| Exercise prompt |
Please output exactly the lines below, starting at the line that has "Photo: The aftermath" and ending at the line that has "분석. (자료=초이스스탁) |", both included; leave out all pictures and include nothing else.

| Data listing |

==============================

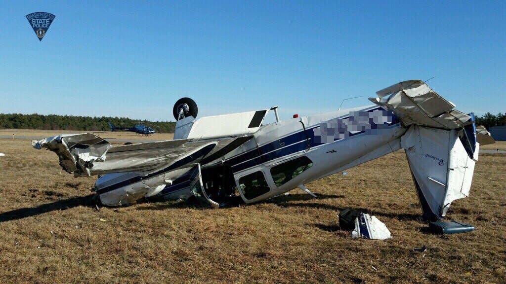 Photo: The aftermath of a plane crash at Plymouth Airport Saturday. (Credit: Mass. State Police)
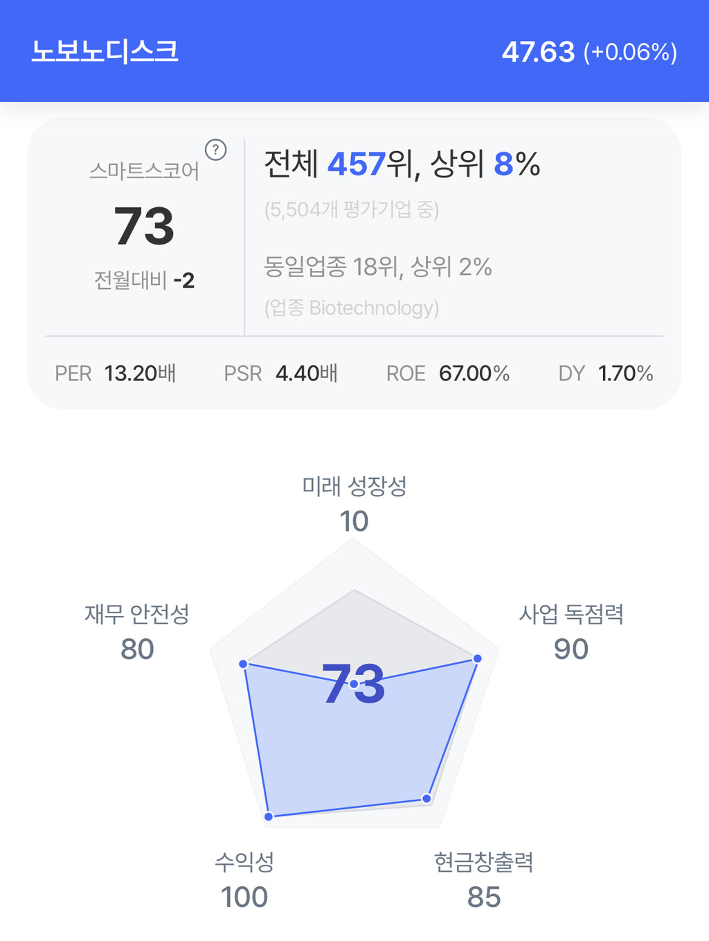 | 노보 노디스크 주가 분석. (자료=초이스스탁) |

==============================

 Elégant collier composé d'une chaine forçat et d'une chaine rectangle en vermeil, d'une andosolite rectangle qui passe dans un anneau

==============================

| Result of this task |
 Photo: The aftermath of a plane crash at Plymouth Airport Saturday. (Credit: Mass. State Police)
 | 노보 노디스크 주가 분석. (자료=초이스스탁) |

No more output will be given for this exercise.